Suppose Mr. Dobermann was going to go for a walk around Apolda to make a collection after dark because it’s winter and dark early and he will take one of his dogs. But suppose also that his dog was very well trained in the modern day fashions of PSA or one of the ring sports as well as pp, since we don’t have many details about how he actually trained. Since this is not a training walk but he is actually going to use the dog for protection tonight and has to prepare for a possible encounter with an assailant, what kind of collar, harness and lead should he use?
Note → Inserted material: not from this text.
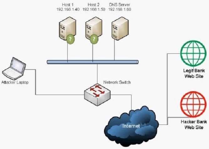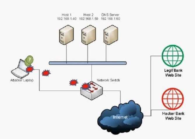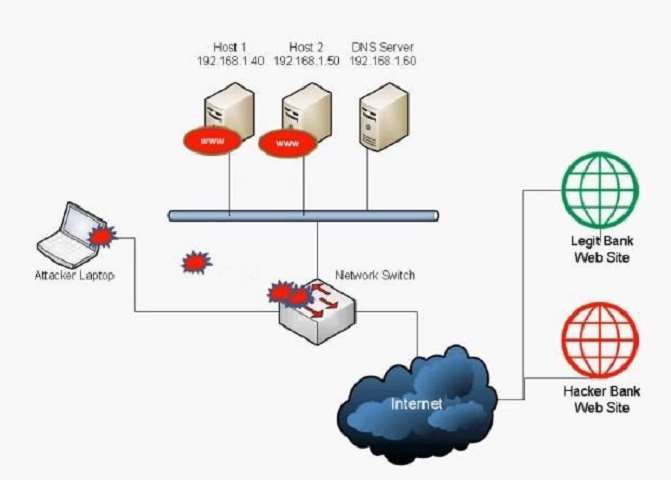The hacker is redirecting bank website users to the hacker bank website instead of the legit bank website. This
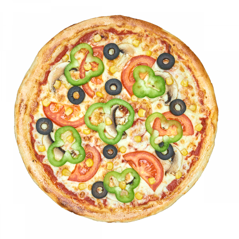INGREDIENTE:blat, sos pizza, mozzarella, ciuperci, masline, ardei gras, porumb, rosii.

In training we use prong collars to give us a little more control than a fur saver or flat collar but we wouldn’t do agitation work on the prong collar. If we hit the street in the real world, not training, do you take the prong collar to keep the dog best under control, or do you prepare for the kind of protection encounter that you train for in sport by using an agitation collar or harness? Or would the plan for an encounter be to drop the lead or get the dog off lead first thing?

It’s hard to hypothesize real world encounters, but people that train PP set up scenarios all the time. In a way, even the protection routines in Schutzhund are a kind of fake shadow of a real encounter. I’ve seen hidden sleeve training scenarios (on video) like where the dog is in a down at the café table with its owner when an agitated person approaches and attempts an assault. I’ve seen the walking down an alley scenario, train station, bus stop etc.

So in the real world in an encounter, is the plan to release the dog for a bite right away, or to hold the dog like in agitation? The scenarios I’ve seen were bite right away and the dog was either off lead or the person dropped the lead at the moment of the attack but they didn’t have to be done that way (I’m not saying how they should have been done differently, I’m asking).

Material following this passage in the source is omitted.